Пожалуй, было лишь одно исключение, на первый взгляд несколько неожиданное,— не Гаев, не Лопахин, а Петя Трофимов. Раневская была здесь привязана к Пете не только потому, что он бывший учитель ее покойного сына, она чувствовала, что он искренне пытается ее понять. До конца ему это, ко­нечно, не удается, но, возможно, это ей тоже в нем нравится. И кроме того, он столь же искренне хочет ей чем-нибудь помочь, хотя прекрасно понимает, что это невозможно. Наверное, Раневская для этого молодого человека и есть некий, пока недостижимый, а точнее — недооцененный идеал женщины. В опреде­ленном смысле она для него — человек будущего, бу­дущего, к которому он так окрыленно стремится. Но есть и гораздо более веские причины при­тягательности Пети в этом спектакле. Нередко, к со­жалению, Трофимов выглядит на сцене просто ре­зонёром. И тогда все его слова о несправедливости, нищете, неравенстве, бесправии, произнесенные пря­мо с авансцены, прямо в зал, с самым неподдельным пафосом, звучат излишне романтично, как-то не по-настоящему. Это — слова, слова...

Важно, чтобы Петя в «Вишневом саде» был живым, естественным чело­веком. Чтобы он верил в будущее, реально смот­рел на настоящее и видел его истоки в прошлом.

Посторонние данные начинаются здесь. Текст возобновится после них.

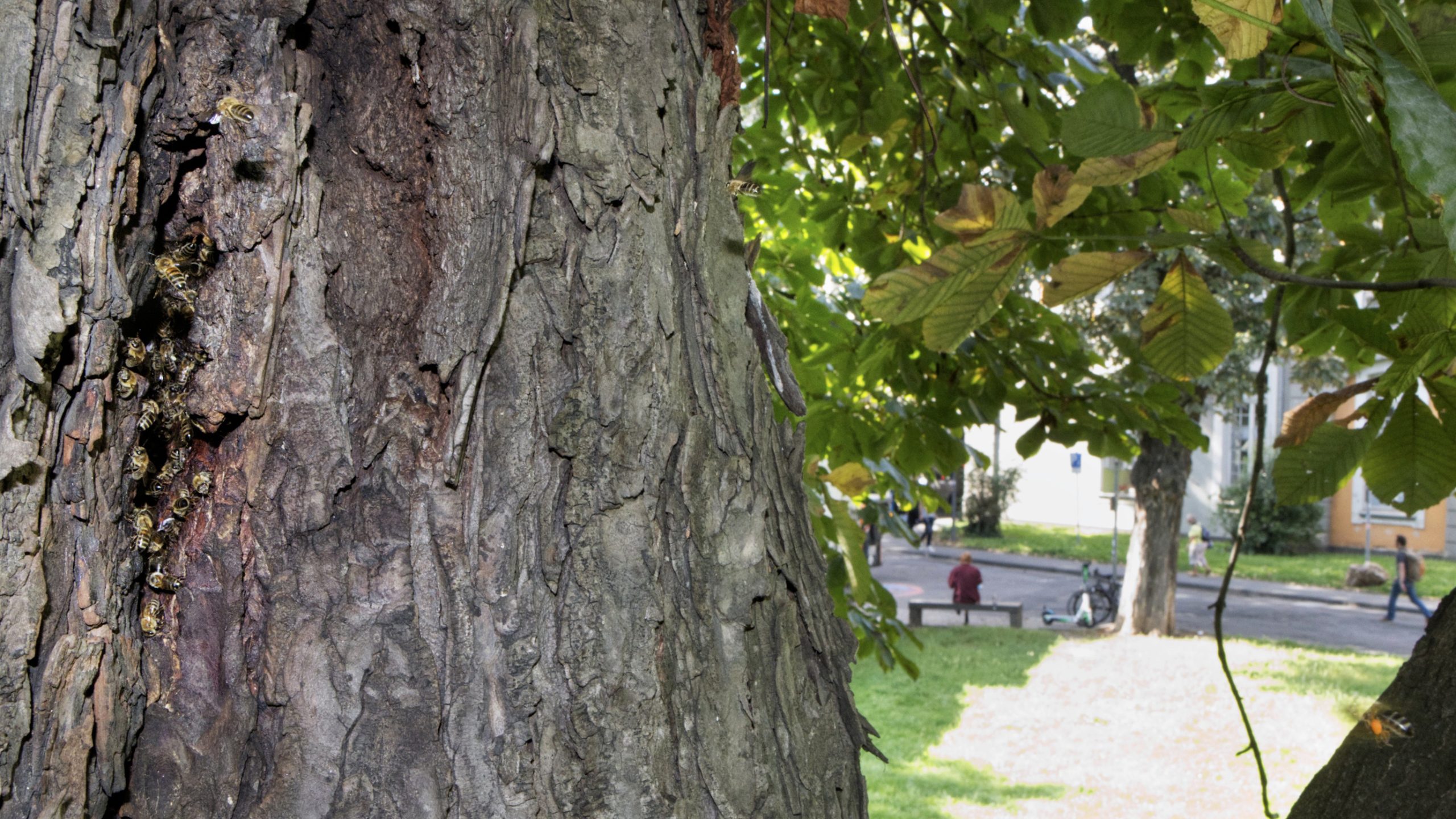Fluglochspalt zur Bienenwohnung in einer alten Kastanie in der Bonner Innenstadt
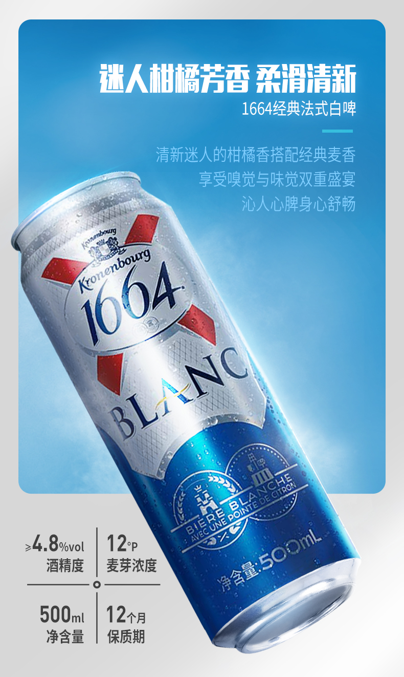 1664法式口味白啤/红啤/混合装大规格装啤酒
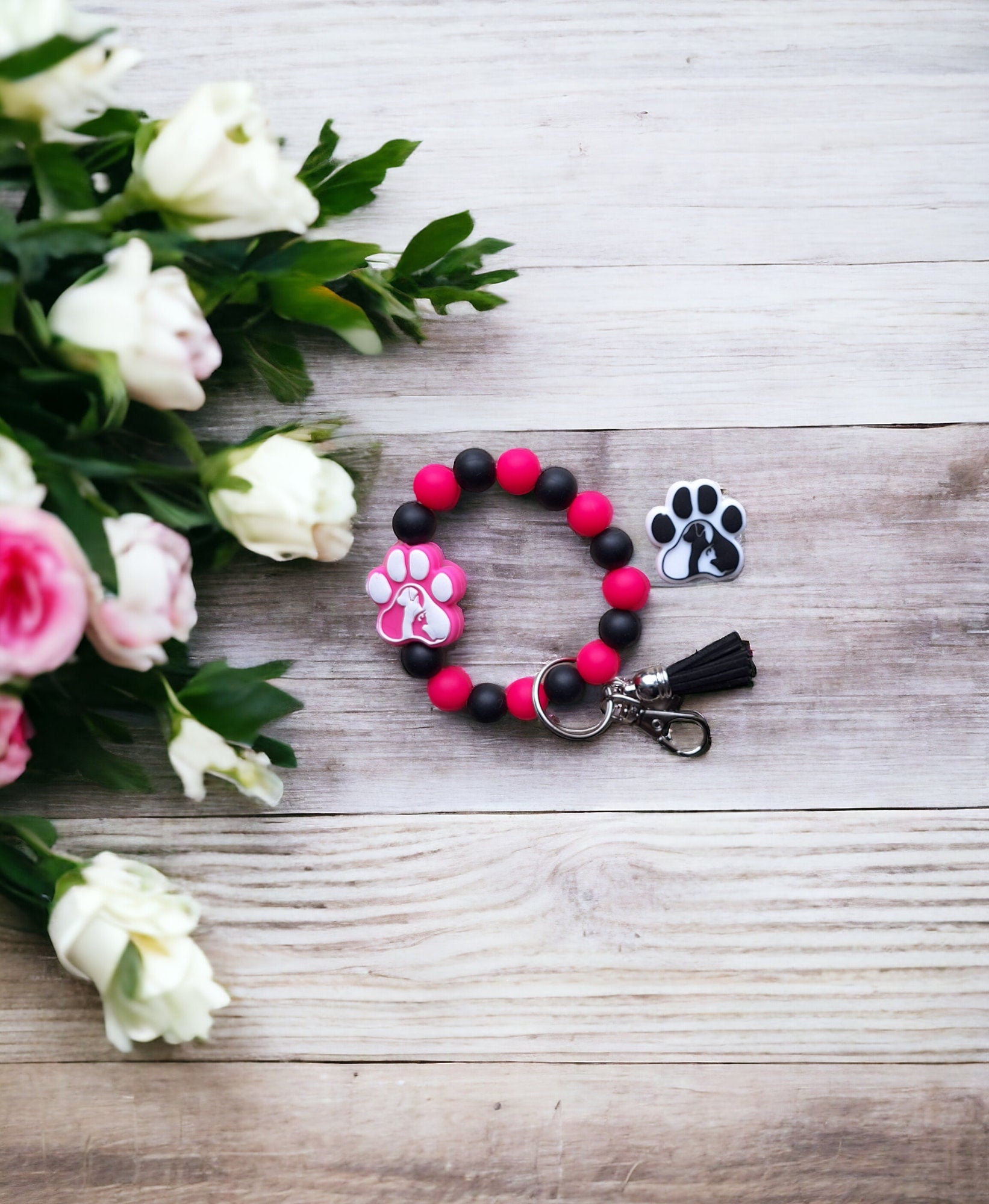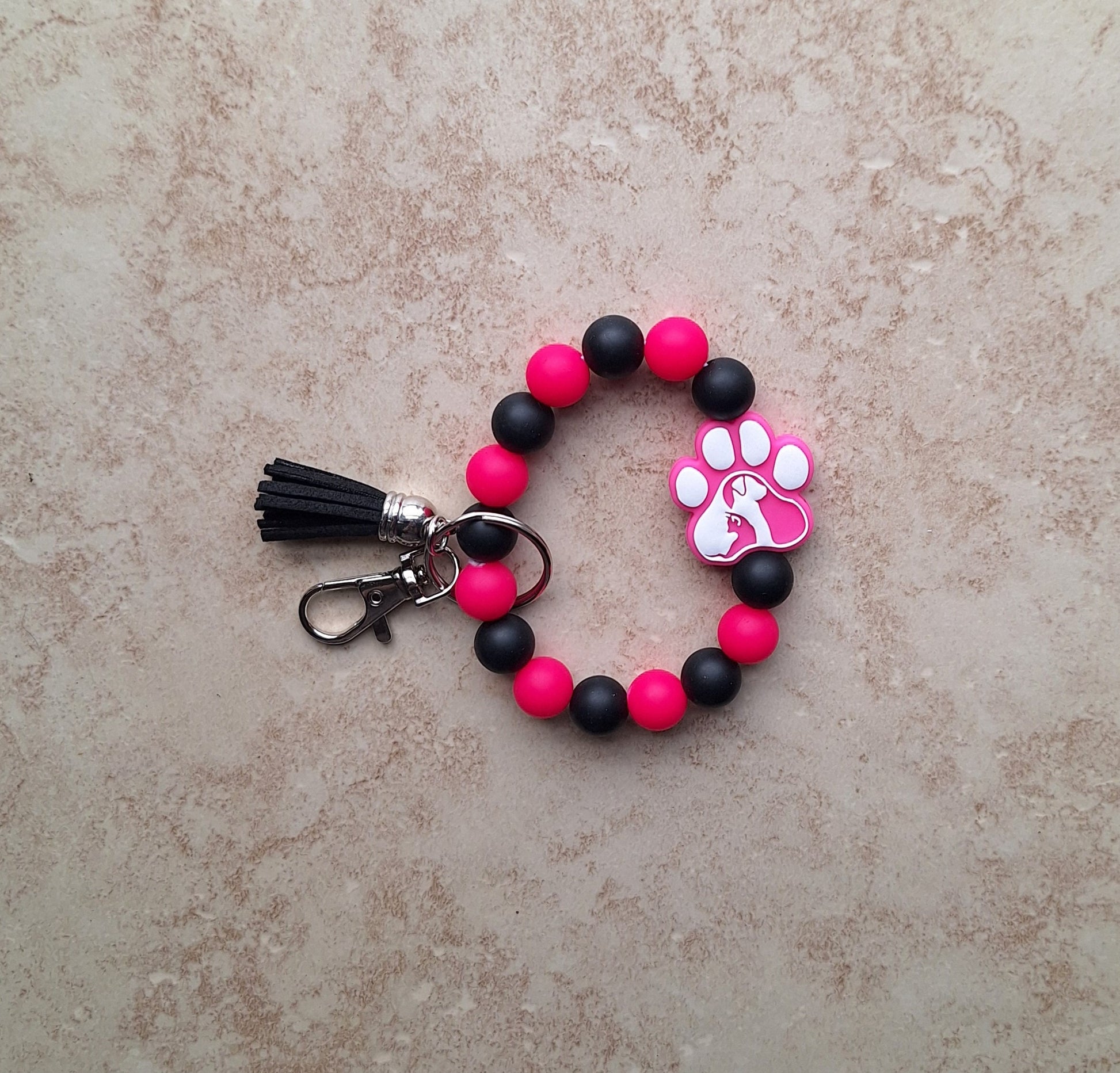 Silicone beaded wristlet keychain / dog mom silicone beaded wristlet pawprint keychain / animal silhouette bag accessories key chain gift
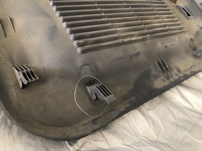 5) Grip the bottom of the plastic frame and lift upwards to remove it. See picture of the hooked plastic retainers. Do not pull straight back, you will destroy hooks.

Че­ховский Петя так и говорит: «Ведь так ясно, чтобы начать жить в настоящем, надо сначала искупить на­ше прошлое, покончить с ним, а искупить его можно только страдание м, только необычайным, непрерывным трудом. Поймите это, Аня». Чехова, как известно, му­чило то, что из-за цензуры он не смог воплотить Пе­тю достаточно реалистично. Он писал Книппер: «Ме­ня, главным образом, пугала... недоделанность неко­торая студента Трофимова. Ведь Трофимов то и де­ло в ссылке, его то и дело выгоняют из университета, а как ты изобразишь сии штуки?» Нельзя забывать, что Петя возложил на свои плечи груз невероятный, гораздо серьезней, чем предприниматель Лопахин. Он — персонаж в поисках правды, в поисках исти­ны — должен быть во что бы то ни стало правдивым и истинным. И Петя Трофимов Александра Игнатуши именно таков — натуральный, живой, реальный. На фотографии, помещенной в этом номере журнала, он в белой рубахе с белым изящным зонтиком Ранев­ской в руке. А когда Петя — Игнатуша в студенческой тужурке, он чем-то очень похож на молодого Кача­лова в этой роли.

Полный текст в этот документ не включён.